Experimental and epidemiological studies suggest a protective role for vitamin D in colorectal carcinogenesis, but evidence is inconclusive. Circulating 25-hydroxyvitamin D (25(OH)D) concentrations ...that minimize risk are unknown. Current Institute of Medicine (IOM) vitamin D guidance is based solely on bone health.
We pooled participant-level data from 17 cohorts, comprising 5706 colorectal cancer case participants and 7107 control participants with a wide range of circulating 25(OH)D concentrations. For 30.1% of participants, 25(OH)D was newly measured. Previously measured 25(OH)D was calibrated to the same assay to permit estimating risk by absolute concentrations.

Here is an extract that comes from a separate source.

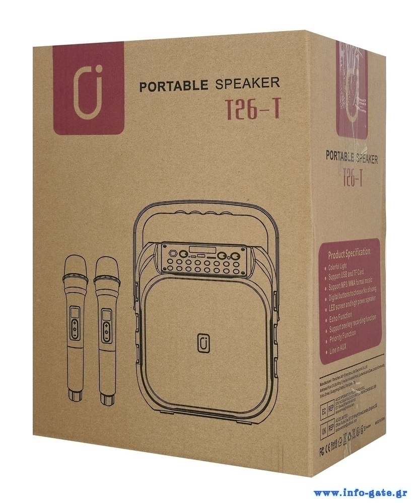 JYX φορητό ηχείο T26-T με 2x μικρόφωνα, 20W, 4000mah, LED, μαύρο

Study-specific relative risks (RRs) for prediagnostic season-standardized 25(OH)D concentrations were calculated using conditional logistic regression and pooled using random effects models.

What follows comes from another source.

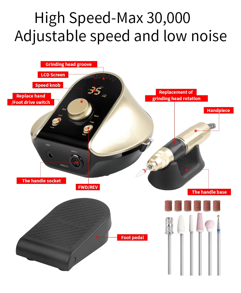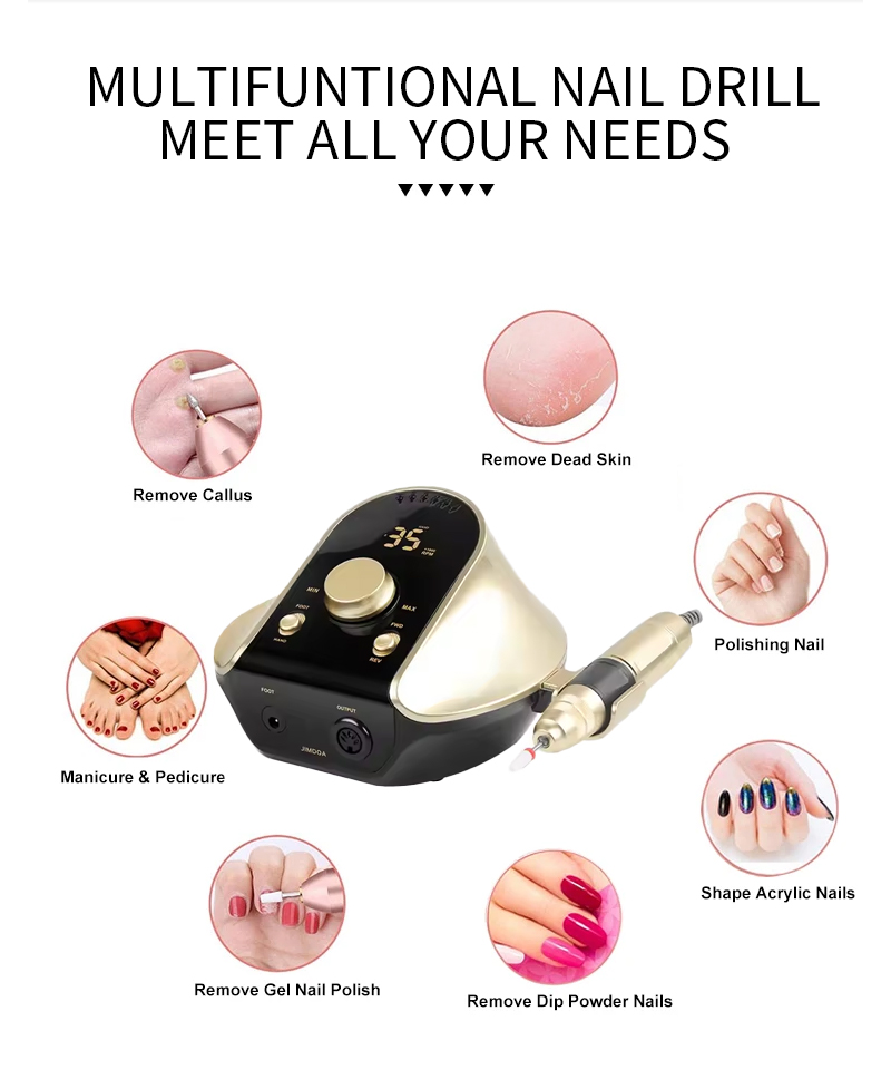 Conjunto de broca de unhas elétrica para remover esmalte em gel 65w 35000rpm

Compared with the lower range of sufficiency for bone health (50-<62.5 nmol/L), deficient 25(OH)D (<30 nmol/L) was associated with 31% higher colorectal cancer risk (RR = 1.31, 95% confidence interval CI = 1.05 to 1.62); 25(OH)D above sufficiency (75-<87.5 and 87.5-<100 nmol/L) was associated with 19% (RR = 0.81, 95% CI = 0.67 to 0.99) and 27% (RR = 0.73, 95% CI = 0.59 to 0.91) lower risk, respectively. At 25(OH)D of 100 nmol/L or greater, risk did not continue to decline and was not statistically significantly reduced (RR = 0.91, 95% CI = 0.67 to 1.24, 3.5% of control participants). Associations were minimally affected when adjusting for body mass index, physical activity, or other risk factors. For each 25 nmol/L increment in circulating 25(OH)D, colorectal cancer risk was 19% lower in women (RR = 0.81, 95% CI = 0.75 to 0.87) and 7% lower in men (RR = 0.93, 95% CI = 0.86 to 1.00) (two-sided Pheterogeneity by sex = .008). Associations were inverse in all subgroups, including colorectal subsite, geographic region, and season of blood collection.
Higher circulating 25(OH)D was related to a statistically significant, substantially lower colorectal cancer risk in women and non-statistically significant lower risk in men. Optimal 25(OH)D concentrations for colorectal cancer risk reduction, 75-100 nmol/L, appear higher than current IOM recommendations.